### EXERCISE PROMPT
Search the records below for the string "with", and report each line that contains it.

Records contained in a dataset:
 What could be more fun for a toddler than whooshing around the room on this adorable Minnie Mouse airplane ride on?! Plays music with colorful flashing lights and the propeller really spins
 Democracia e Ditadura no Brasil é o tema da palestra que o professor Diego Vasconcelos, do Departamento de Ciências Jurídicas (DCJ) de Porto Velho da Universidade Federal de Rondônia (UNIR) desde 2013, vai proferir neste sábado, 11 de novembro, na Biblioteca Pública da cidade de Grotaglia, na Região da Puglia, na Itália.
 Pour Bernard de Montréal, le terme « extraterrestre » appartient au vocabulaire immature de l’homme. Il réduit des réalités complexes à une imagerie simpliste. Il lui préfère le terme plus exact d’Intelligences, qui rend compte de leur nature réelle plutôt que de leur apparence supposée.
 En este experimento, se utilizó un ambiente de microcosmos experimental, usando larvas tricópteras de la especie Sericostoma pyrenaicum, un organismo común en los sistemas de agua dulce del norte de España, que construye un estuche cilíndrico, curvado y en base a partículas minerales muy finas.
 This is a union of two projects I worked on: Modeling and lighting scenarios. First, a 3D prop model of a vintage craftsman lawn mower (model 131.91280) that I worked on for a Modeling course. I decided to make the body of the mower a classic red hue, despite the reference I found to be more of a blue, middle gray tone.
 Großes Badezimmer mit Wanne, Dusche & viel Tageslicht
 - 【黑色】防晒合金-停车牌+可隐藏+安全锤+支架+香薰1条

==

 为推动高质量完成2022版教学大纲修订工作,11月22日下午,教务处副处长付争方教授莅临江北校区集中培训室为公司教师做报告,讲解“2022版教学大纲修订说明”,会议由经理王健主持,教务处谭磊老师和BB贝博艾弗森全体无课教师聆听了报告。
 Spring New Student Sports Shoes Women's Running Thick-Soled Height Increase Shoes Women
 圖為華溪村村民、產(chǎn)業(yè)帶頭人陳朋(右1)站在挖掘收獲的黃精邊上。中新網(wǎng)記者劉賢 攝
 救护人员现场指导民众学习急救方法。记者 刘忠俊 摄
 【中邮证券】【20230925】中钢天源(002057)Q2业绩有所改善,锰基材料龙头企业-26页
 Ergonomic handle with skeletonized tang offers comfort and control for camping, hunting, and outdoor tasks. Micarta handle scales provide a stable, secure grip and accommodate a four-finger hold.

### OUTPUT
 What could be more fun for a toddler than whooshing around the room on this adorable Minnie Mouse airplane ride on?! Plays music with colorful flashing lights and the propeller really spins
 Ergonomic handle with skeletonized tang offers comfort and control for camping, hunting, and outdoor tasks. Micarta handle scales provide a stable, secure grip and accommodate a four-finger hold.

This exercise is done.